Tirer sur Hulot, c’est tirer sur Macron.

Pour certains acteurs ou observateurs de la vie politique française, Nicolas Hulot, le ministre d’Etat de la transition écologique et solidaire, ne “serait pas à sa place”, “ne servirait à rien”, “ne défendrait que ses propres intérêts”. Des remarques également constatées parmi les partisans de l’action gouvernementale. Chez les autres, c’est plus simple, quasiment tout serait à jeter.
Tirer sur Nicolas Hulot, c’est tirer sur le président. C’est sous-entendre que ce dernier a créé le ministère de la transition écologique et solidaire par pur opportunisme, qu’il a fait semblant de faire confiance à Nicolas Hulot et qu’il n’a qu’un objectif: s’en débarrasser au plus vite.
Le chaudron de l’écologie.
J’ai la naïveté de croire que si Emmanuel Macron n’est pas tombé tout petit dans le chaudron de l’écologie (comme Nicolas Hulot d’ailleurs!), il a néanmoins pris conscience des enjeux planétaires que sont devenus le dérèglement climatique et l’effondrement de la biodiversité.
J’ai toujours et encore la naïveté de croire que l’échec de Nicolas Hulot signerait l’échec de la politique d’Emmanuel Macron. Car une transition écologique et solidaire, pour la France comme pour l’UE et la planète, ce n’est pas un slogan creux mais une nécessité vitale.
La mission de Nicolas Hulot sera toujours plus difficile. Ses adversaires, encore plus redoutables ceux qui représentent certains puissants intérêts économiques, n’attendent que sa chute et son remplacement par un autre ministre qu’il espèrent le moins dérangeant possible.
Primus inter pares.
Nicolas Hulot s’est donné un an pour réussir à faire de son ministère le socle incontournable de la stratégie gouvernementale. Il ne réussira que si, au sein du gouvernement, il devient un primus inter pares et à condition que toutes les principales décisions gouvernementales soient passées au tamis de la transition écologique et solidaire.
Philippe Le Bé

Philippe Le Bé

Désormais journaliste indépendant, Philippe Le Bé a précédemment collaboré à divers médias: l’ATS, Radio Suisse internationale, la Tribune de Genève, Bilan, la RTS (Radio), L'Hebdo, et Le Temps. Il a publié deux romans: «Du vin d’ici à l’au-delà » (L’Aire) et « 2025: La situation est certes désespérée mais ce n’est pas grave » (Edilivre).

Une réponse à “Tirer sur Hulot, c’est tirer sur Macron.

  1. Il est probable que l’intérêt politique d’être crédible aux yeux des écolos dévots ne tienne pas longtemps face aux exigences des intérêts économiques puissants auxquels Macron doit tout. C’est un premier constat, en se plaçant sous l’angle du rapport de force réel. Il ne faut pas oublier que Macron n’est rien de plus que le fondé de pouvoir desdits intérêts économiques, qui l’ont fait, et dont il est la créature. Sans eux “il n’est rien”, pour reprendre sa propre phraséologie prétentieuse.

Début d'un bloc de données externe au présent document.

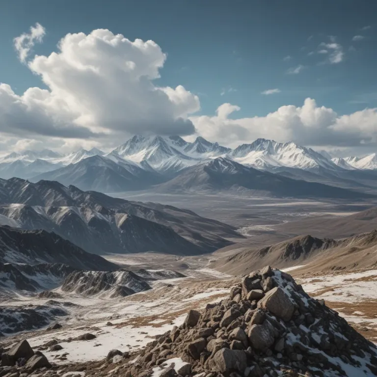A serene mountain landscape with rugged rocks in the foreground and snow-covered peaks in the background, illuminated by soft, diffused light from the late afternoon sun. The expansive desert and distant mountains provide a sense of scale and depth.

    Deuxième point toujours sous l’angle de l’observation du réel: vous faites de Hulot le symbole de l’orientation écologiste sincère du gouvernement. C’est peut-être vrai en pratique. Mais ne gonflez vous pas l’importance de ce sympathique produit médiatique? Car Hulot incarne une idée, certes, mais il est lui-même une marionnette, créée à partir de rien par le système médiatique et ses faux semblants. Il est sincère sans doute, mais lui non plus n’est rien: une ombre, un avatar publicitaire.

    CQFD, si vraiment la légitimité du pouvoir actuel en France repose sur des feux follets comme l’entente entre ces deux marionnettes Macron et Hulot, alors il n’y a pas de légitimité du tout et vous vous faites beaucoup d’illusions en imaginant que des Guignols comme ça sont à la hauteur de ce que vous voyez comme une question existentielle pour le genre humain.